» Data section

============

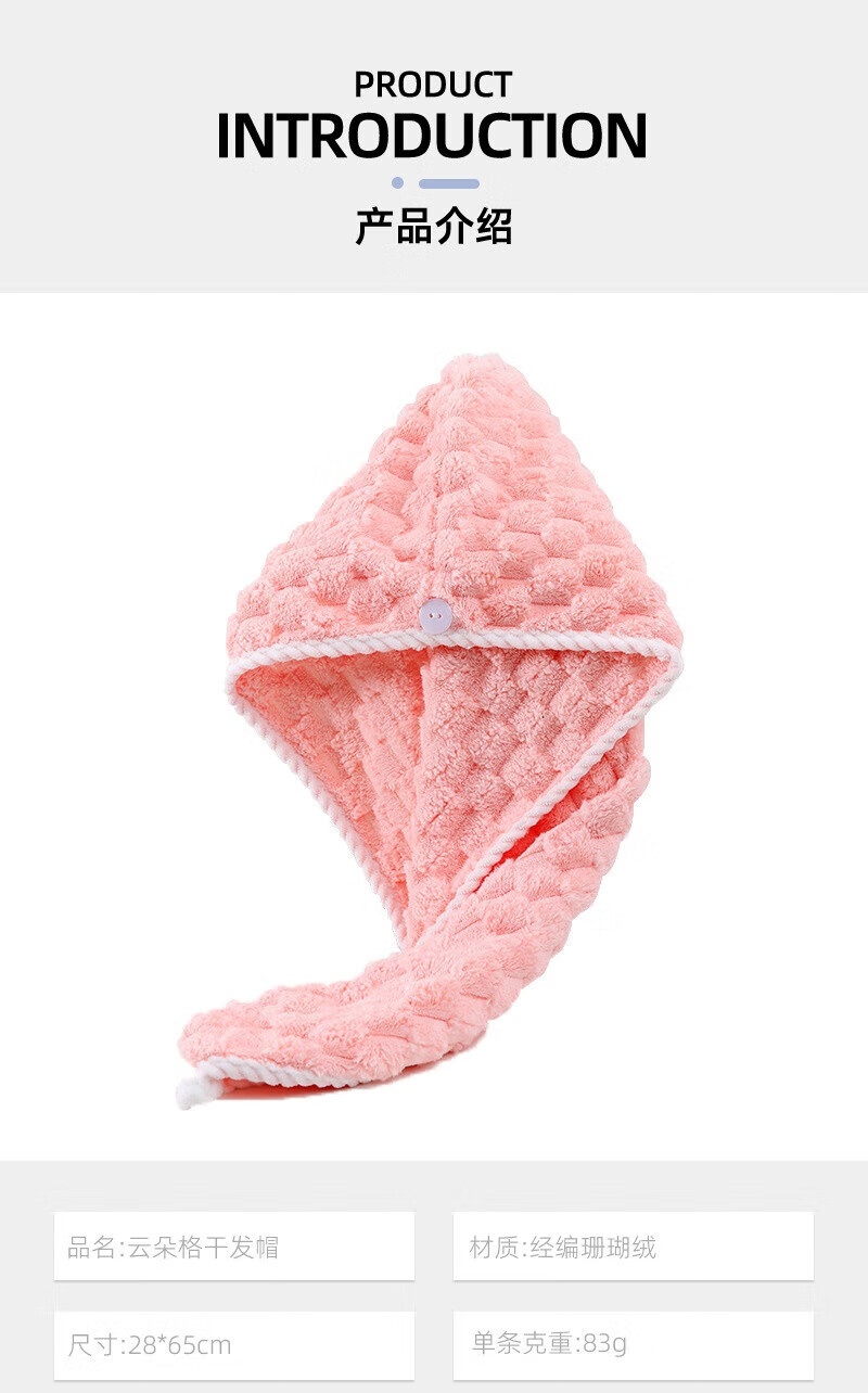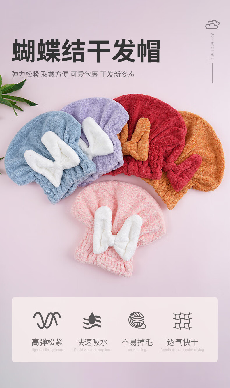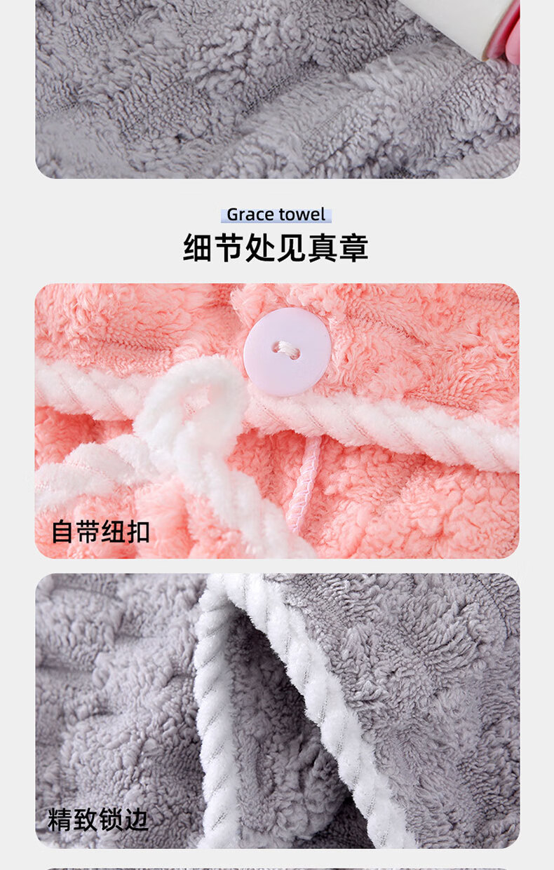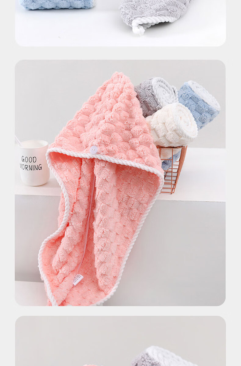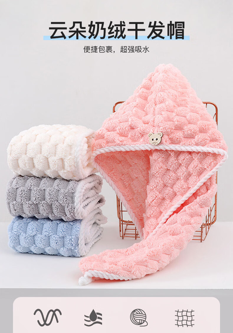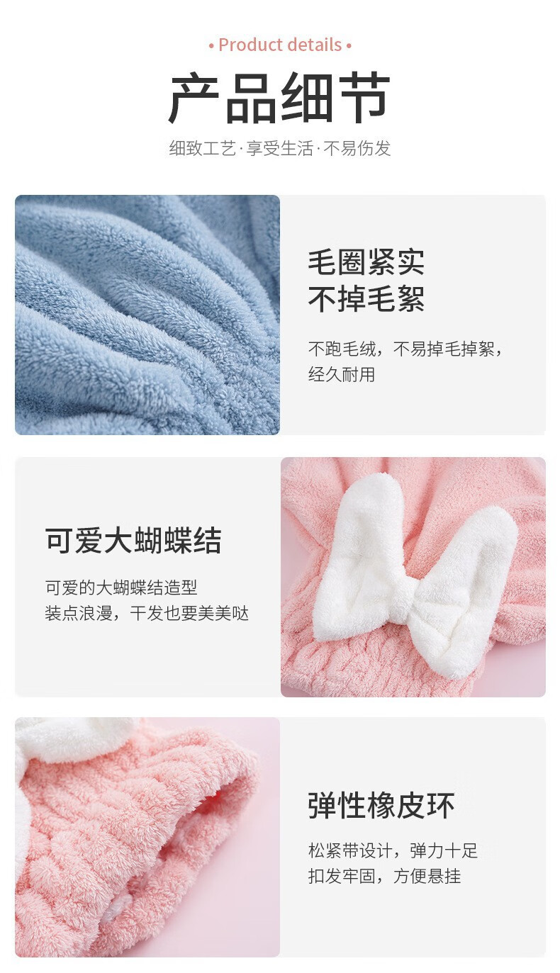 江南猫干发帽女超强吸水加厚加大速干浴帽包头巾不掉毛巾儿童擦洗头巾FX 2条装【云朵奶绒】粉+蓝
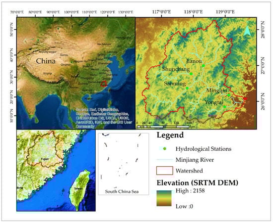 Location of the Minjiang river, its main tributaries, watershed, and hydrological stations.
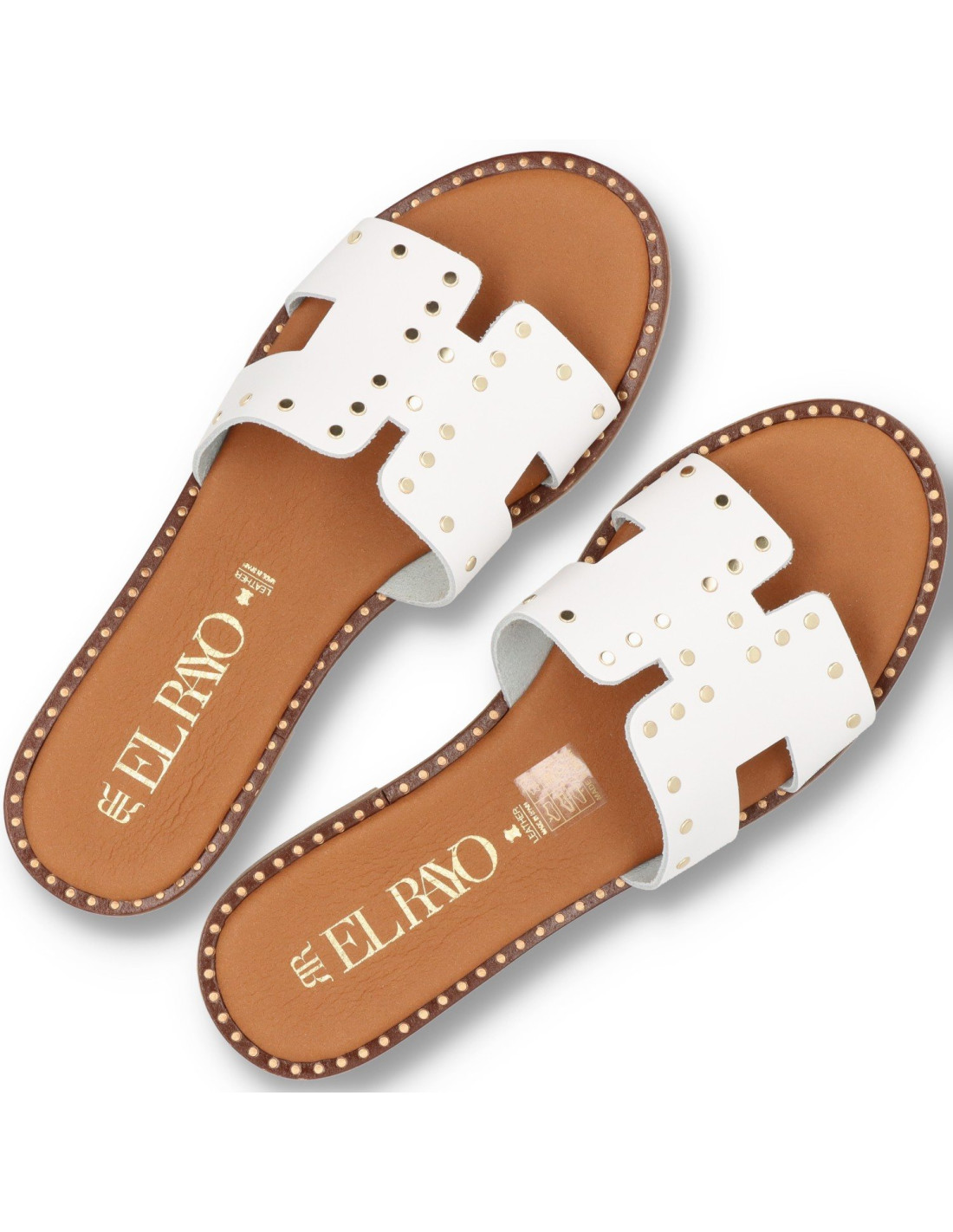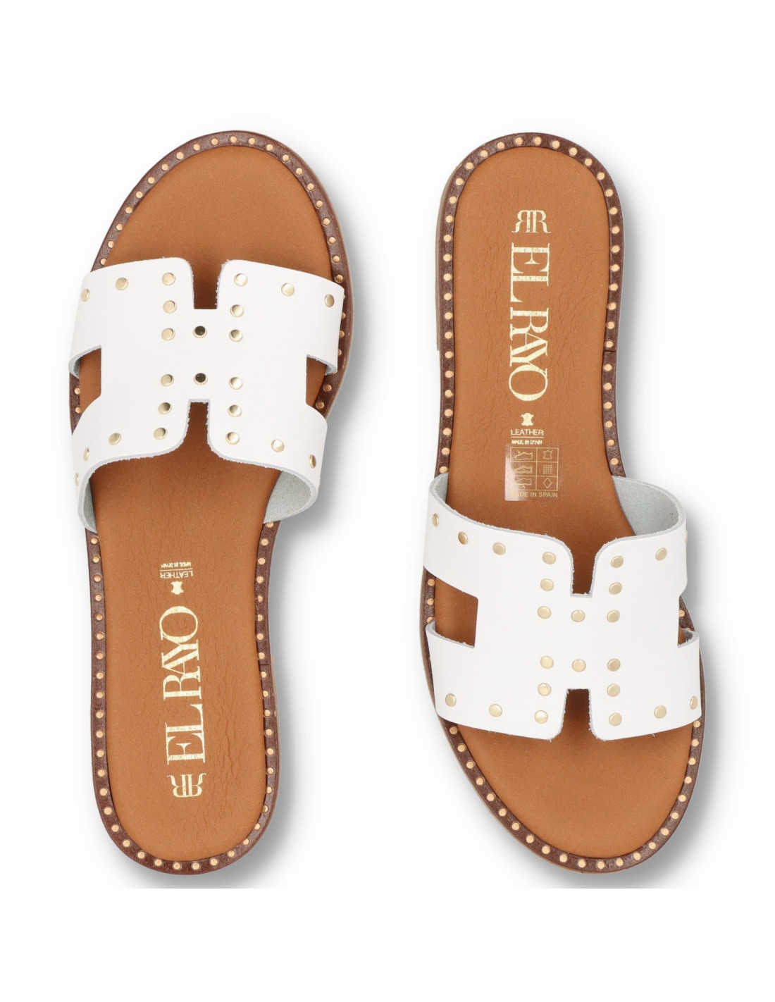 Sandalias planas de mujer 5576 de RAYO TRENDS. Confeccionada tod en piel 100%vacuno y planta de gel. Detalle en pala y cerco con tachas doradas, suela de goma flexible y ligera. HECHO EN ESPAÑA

============

» Task description
The expected answer is the full listing above, transcribed exactly and without pictures.

» Result of this task
 江南猫干发帽女超强吸水加厚加大速干浴帽包头巾不掉毛巾儿童擦洗头巾FX 2条装【云朵奶绒】粉+蓝
 Location of the Minjiang river, its main tributaries, watershed, and hydrological stations.
 Sandalias planas de mujer 5576 de RAYO TRENDS. Confeccionada tod en piel 100%vacuno y planta de gel. Detalle en pala y cerco con tachas doradas, suela de goma flexible y ligera. HECHO EN ESPAÑA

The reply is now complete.